Where peers are your friends, colleagues, acquaintances and whatever other titles you can think of!

Ask about their vivas. Ask about their experiences. Ask what they know about the viva.

Ask them what they did to get ready and if they have any advice (but only if they will offer suggestions and not instructions).

Ask them to help you if it’s appropriate.

Seek help now. Offer help later.

Your Preferences & Needs

Preferences are the things that we’d like, but which we could work around if needed. Preferences for your viva and viva prep might include:

  • Starting in a morning;
  • Reading your thesis with a fresh pot of coffee;
  • Knowing your external a little;
  • Having a mock viva to help you get ready.

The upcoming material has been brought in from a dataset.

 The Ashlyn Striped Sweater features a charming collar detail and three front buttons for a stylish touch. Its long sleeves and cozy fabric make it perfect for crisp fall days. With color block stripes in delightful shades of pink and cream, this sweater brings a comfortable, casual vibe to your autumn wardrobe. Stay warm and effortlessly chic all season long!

You might have a strong preference but, for example, if your supervisor was unable to host a mock viva then you would still go on.

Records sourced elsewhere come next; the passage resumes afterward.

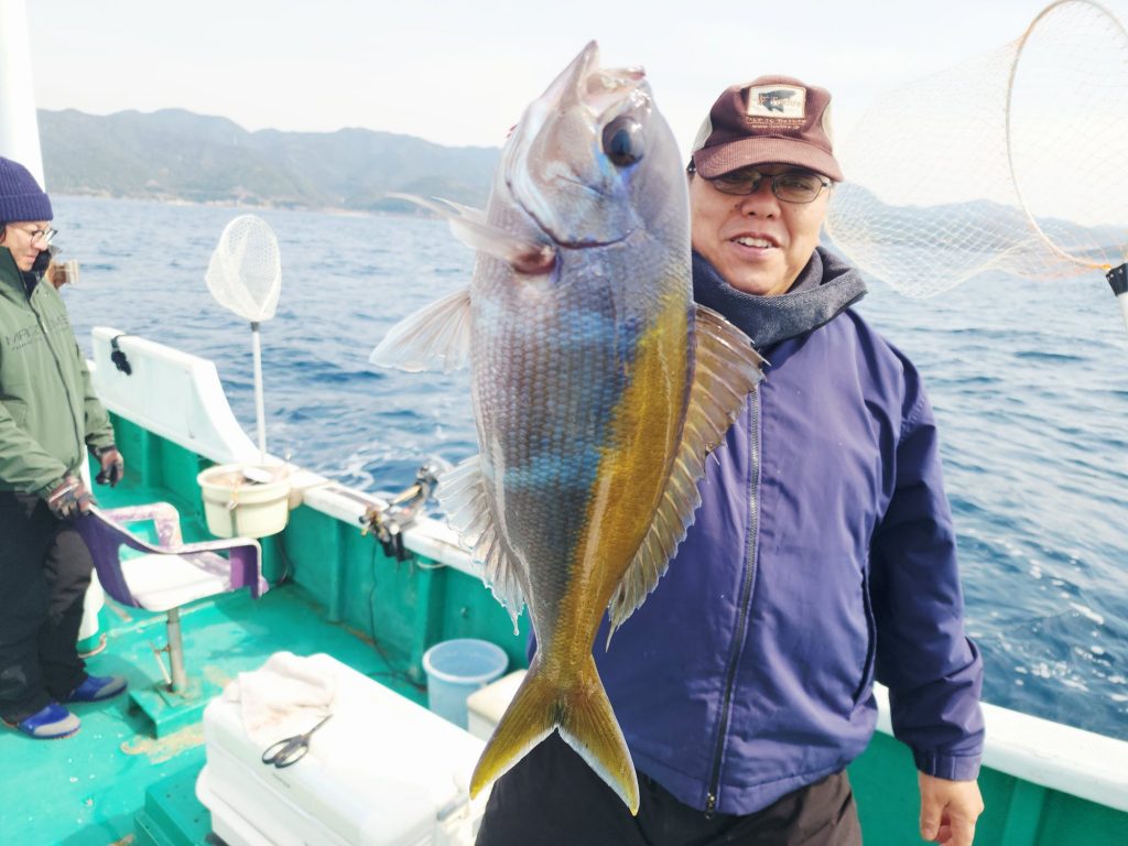 超 激渋のなか、貴重な尾長グレです❗(+_+) 浦上さん。
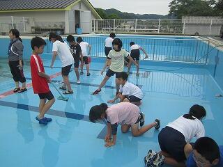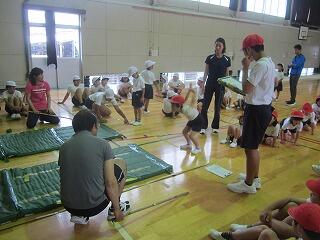 『3・4年生の団技はサーフボードで波乗りを表現した競技でした。中々バランスをとるのが難しいようです。』
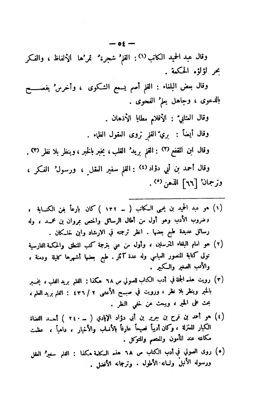 وقال عبد الحميد الكاتب: القلمُ شجرةٌ ثمرُها الألفاظ، والفكر بحر لؤلؤه الحكمة.
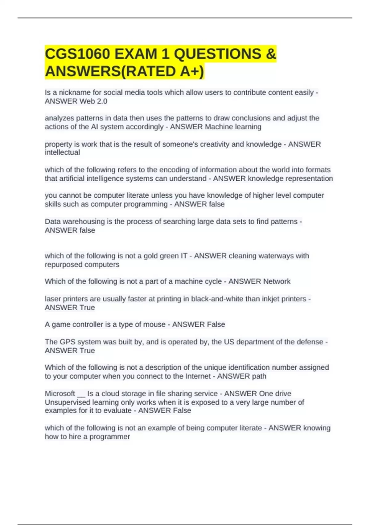 CGS1060 EXAM 1 QUESTIONS & ANSWERS(RATED A+)
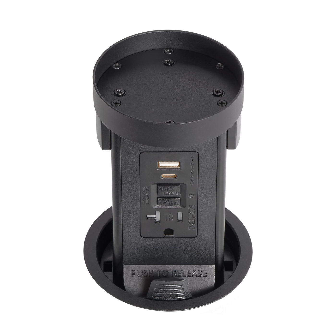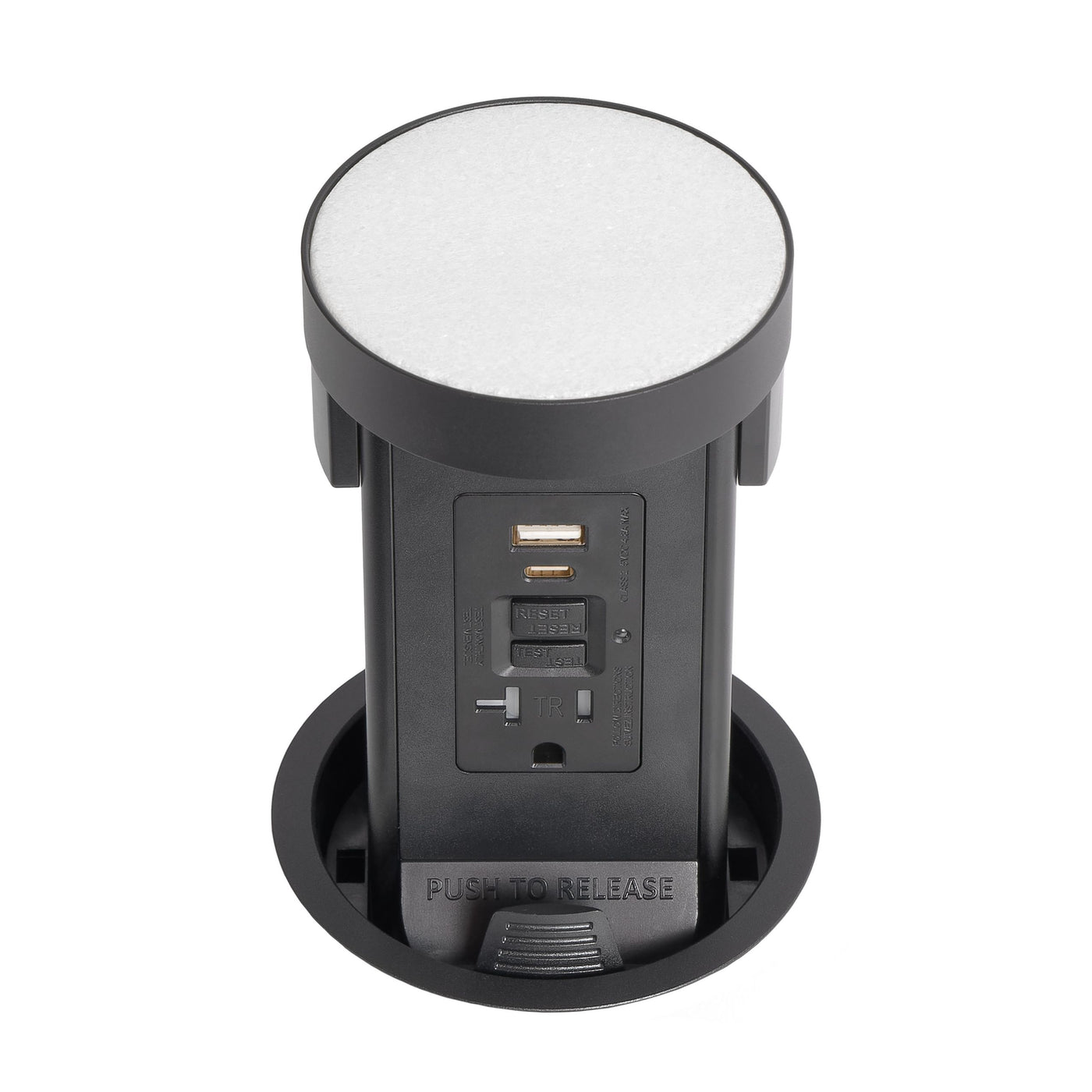 Bring code-compliant power directly to your countertop while maintaining a clean, uncluttered surface. The retractable pop-up outlet remains hidden beneath the counter until needed, then pops up to provide high-capacity appliance GFCI-protected power, and fast USB charging exactly where you need it.
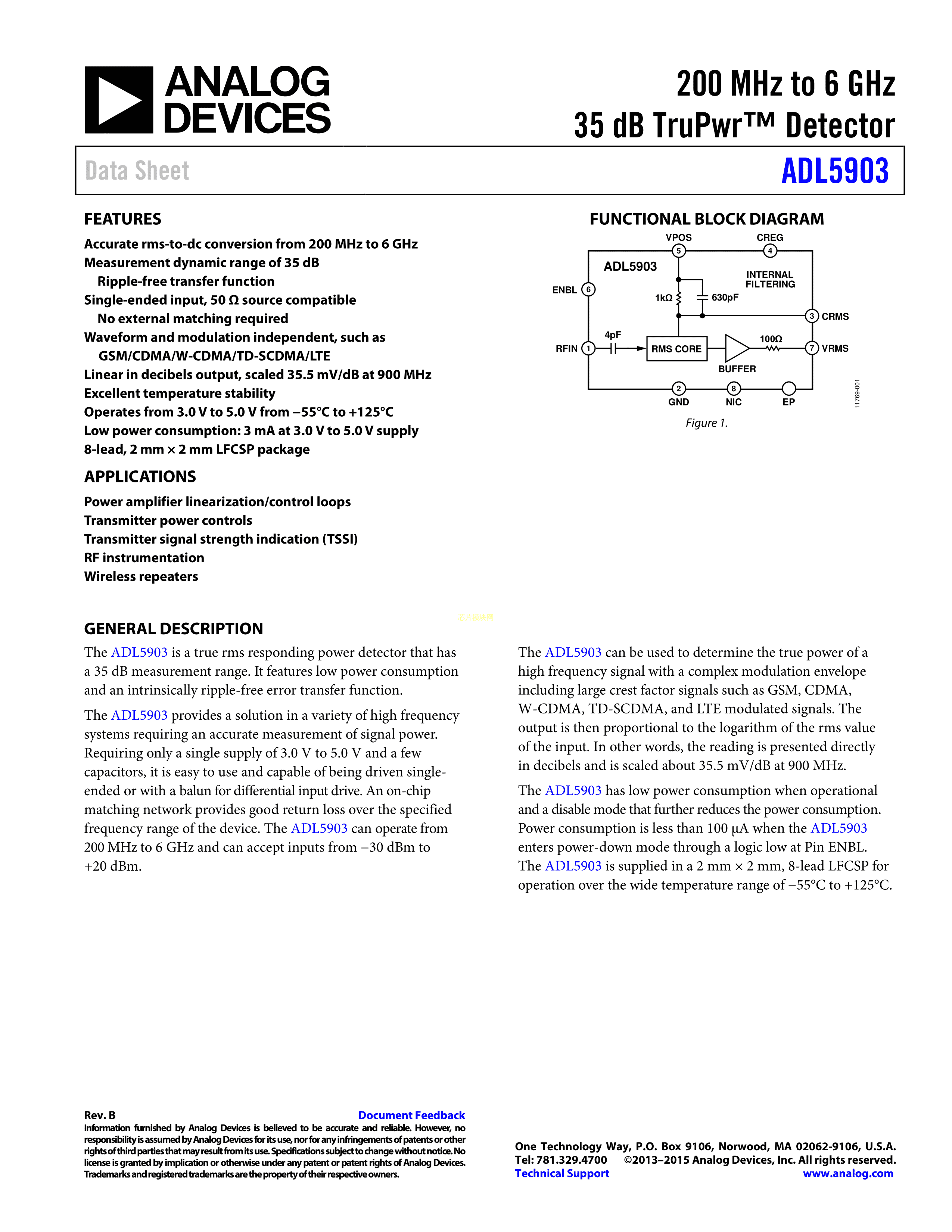 ADL5903ACPZN-R7数据手册LFCSP-8封装ADI(亚德诺)-LINEARPDF规格书,中英文下载

Needs are different. For your viva and viva prep you might need:

  • Advance notice or special arrangements for your viva;
  • Specific stationery or time to annotate your thesis;
  • Agreement that your viva will definitely be over video;
  • To not have a mock viva!

Preferences are very different from needs.

 

To begin with: what do you want for your viva? Which of these wants are preferences and which are needs?

For the preferences: what can you do to get your preferences met? Who might you need to ask for help? What could you do if a preference couldn’t be fulfilled?

For your needs: what can you do to ensure your needs are met? Who can you ask for support? How can you clearly communicate those needs to the people who need to know?

Find A Guide

Imagine a service on the internet or app on your phone: at the press of a button and by answering a few questions you could be connected to a PhD graduate who could tell you all about their viva.

They would be someone who had completed their PhD in the last few years. They couldn’t have done the same research as you, but would have either a similar knowledge base or common understanding of terms and methods. You could ask them about their prep and their viva. What did they do? What worked for them? What happened? How did they feel?

You could unpick expectations by learning about their experience. In thirty minutes you could get a good sense of the sort of thing that happens at vivas in your research area. This app or website wouldn’t give you a perfect understanding but rather a good idea.

How much would this app or service cost? How would it work? I don’t know!

But that’s OK. You don’t need it. You can already get the same outcome today already.

Think about who you know from your department: who could you ask who has recently completed their PhD? Who do you know who has relevant experience and information? Who could be your guide to what to expect at your viva? Who could share ideas of what could help you to get ready?